Op 28 augustus 2018 heeft de Rechtbank Midden-Nederland, locatie Utrecht, een beschikking gegeven in een familierechtelijke zaak tussen een vader en een moeder over de omgang en informatievoorziening met betrekking tot hun minderjarige dochter. De vader had op 4 mei 2018 een verzoek ingediend om een omgangsregeling vast te stellen, zodat hij op vaste momenten contact kon hebben met zijn dochter. Later heeft hij dit verzoek uitgebreid met een verzoek om een informatieregeling, zodat hij informatie van de moeder kon ontvangen over hun dochter.
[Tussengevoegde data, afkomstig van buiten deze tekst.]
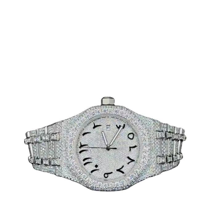 High Quality Hip Hop VVS D Colour Moissanite Automatic Mechanical Luxury Stainless Steel Case Leather Strap Watch
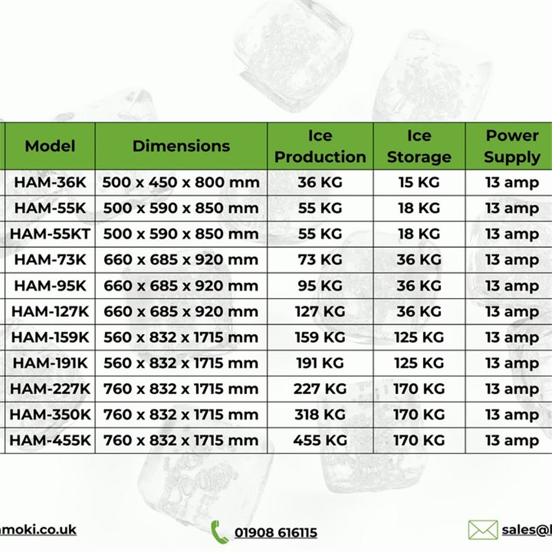 The new heavy duty Hamoki HAM-455K is ideal for all kinds of kitchens in bars, restaurants and hotels. Equipped with a user-friendly integrated digital control panel, ample bin capacity, and automatic cut off levels, this ice machine is the perfect essential to upgrade your kitchen.
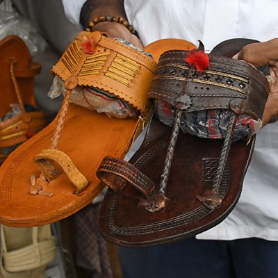 When Italian luxury brand Prada showcased leather sandals that looked a lot like India’s traditional Kolhapuri chappals, and didn't credit their roots, it sparked a debate over fair pay and recognition for local artisans. The company has since tried to make amends and has been speaking to local producers. We travel to Kolhapur, where these sandals are made to explore what this example means for the economics of luxury fashion. Presenter: Devina Gupta Producer: Andrew Clarence (Image: A shopkeeper shows a pair of Kolhapuri chappals displayed for sale at a street side shop in Maharashtra, India. Credit: Getty Images)
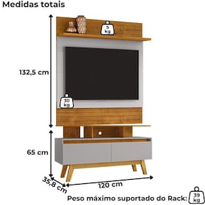 Painel Suspenso Angra e Rack Bancada Rubi, design funcional com detalhes que valorizam o ambiente. Estrutura em MDP/MDF com acabamento em pintura UV texturizada. O conjunto é composto por frisos decorativos, painéis sobrepostos (MDF 15mm), prateleira superior (MDP 25mm), portas basculantes com dobradiças metálicas, detalhes chanfrados, nichos decorativos funcionais, passa-fios e pés em madeira maciça (Pinus). Painel suporta TVs de até 50 polegadas. Este produto será entregue em 2 volumes.
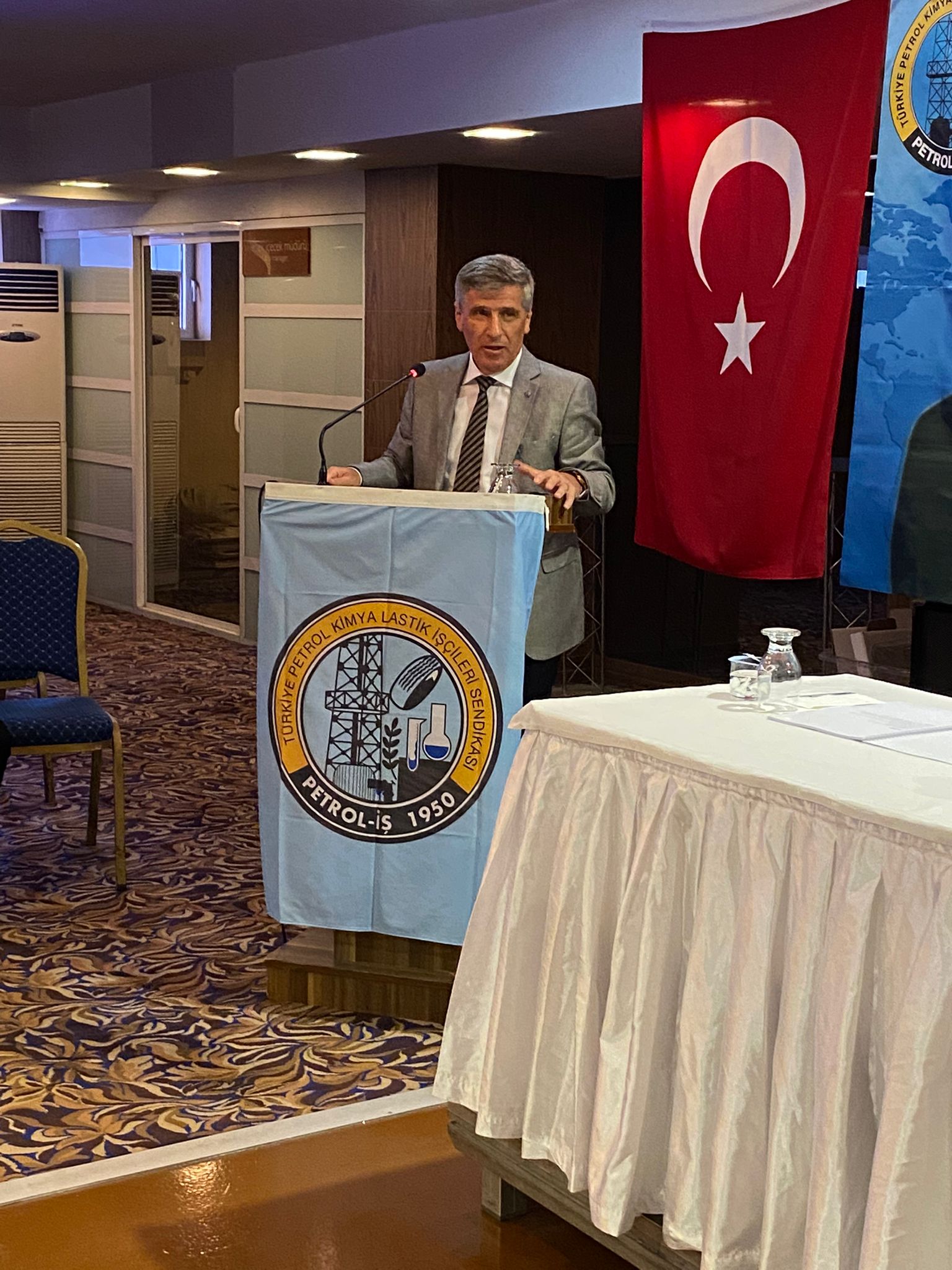 Divanın oluşmasının ardından Genel Başkanımız Süleyman Akyüz konuşmasını yapmak üzere kürsüye davet edildi. Genel Başkanımız konuşmasında Türkiye ve emek gündemine dair değerlendirmelerde bulunduktan sonra kongrenin Petrol-İş Sendikasına ve Türkiye işçi sınıfına hayırlı olmasını diledi.
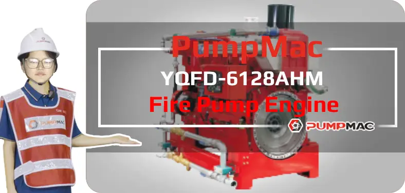 YQFD-YQFD-6128AHM Fire Pump Engine is a 6-cylinders in line, 11.8 liters four-strokes engine with 128 mm bore and 153 mm stroke. Equipped with mechanical fuel pump and electronic governor, comes with supercharged intercooling.The prime power at 1470/1760/2100 RPM of YQFD-6128AHM Fire Pump Engine is 330/370/370 kW.As part of EMAC, PumpMac provides abundant premium pump-driven power pack options, WPT PTO, Advance gearbox and pump head, as well as customized water pump set. We also have a set of NFPA20 standard engine power pack accessories including air intake shut-off valve, DC contactor, engine control panel, jacket water heater etc.We provide full life cycle services for all customers, from design to power system supply, from installation to commissioning, from after-sales service training to spare parts supply, from trouble shooting to overhaul technical support.
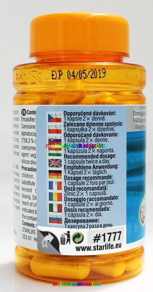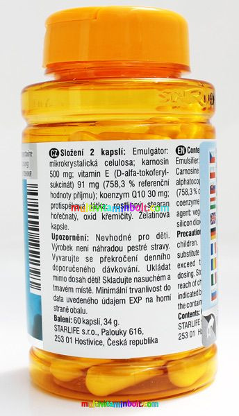 Összetevők 2 kapszulában: tömegnövelő szer (mikrokristályos cellulóz); karnozin 500 mg; E-vitamin (D-alfa-tokoferil-szukcinát) 91 mg (758,3 % NRV*); Q10 koenzim 30 mg; csomósodást gátlók (szilícium-dioxid, magnézium-sztearát). Zselatin kapszula. NRV* = napi bevitel referenciaértéke
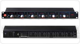 Amplificatore per cuffia dotato di 5 ingressi stereo con jack da 1/4\", 6 amplificatori stereo di alta qualità, ognuno con regolazione volume cuffia, selettore digitale di sorgente (ingresso 1-4), regolazione volume ingresso 5 (utile per miscelare una sorgente comune), uscita cuffia con jack 1/4\". Formato rack 1 unità, con alimentatore interno 110-220V.
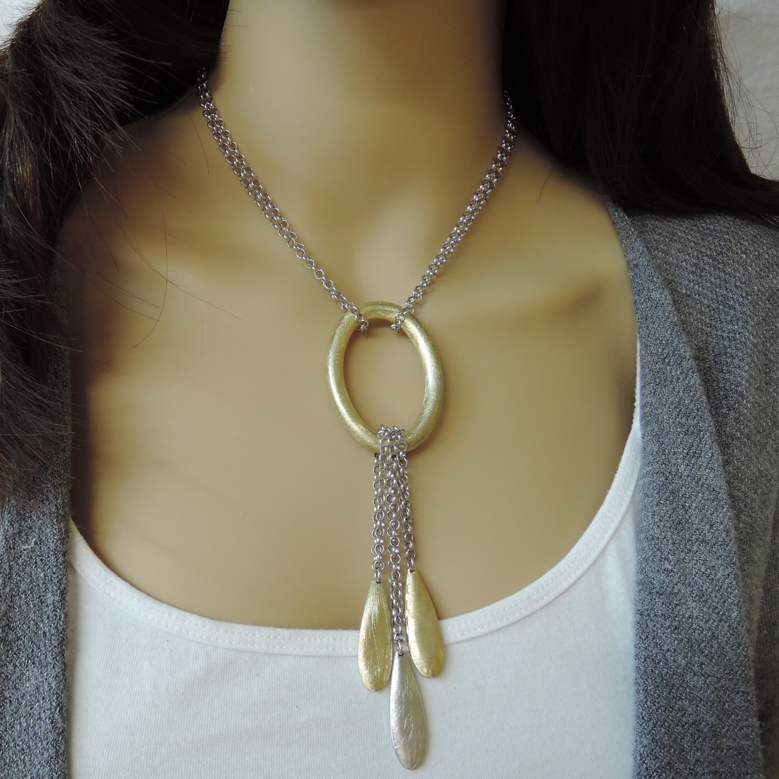 Collierkette aus 925er Silber und mit vergoldeten Silberteilen, Kettenlänge ca. 42 cm, Mittelteil ca. 13,5 cm,

De moeder was het niet eens met de verzoeken van de vader en heeft zelf verzocht om te bepalen dat de vader geen omgang meer met hun dochter mocht hebben.
Tijdens de zitting op 14 augustus 2018 heeft de vader zijn verzoek om een omgangsregeling ingetrokken, maar het verzoek om een informatieregeling bleef staan. De vader heeft aangegeven dat hij zijn leven heeft verbeterd en graag weer contact wil met zijn dochter, maar respecteert haar wens om op dit moment geen contact te hebben. De moeder stemde in met de informatieregeling, waarbij zij de vader één keer per drie maanden zal informeren over hun dochter en één keer per jaar een foto zal sturen. De kinderrechter heeft de wensen van de minderjarige in overweging genomen en geconcludeerd dat er geen reden is om te bepalen dat de vader geen omgang met zijn dochter mag hebben, zolang dit op haar voorwaarden gebeurt.
De kinderrechter heeft de informatieregeling vastgesteld en verklaard dat deze beschikking uitvoerbaar bij voorraad is. Het meer of anders verzochte is afgewezen. De beschikking is gegeven door kinderrechter mr. V.E.J.A. Heijckmann en in het openbaar uitgesproken in aanwezigheid van griffier mr. H.E. Broersma.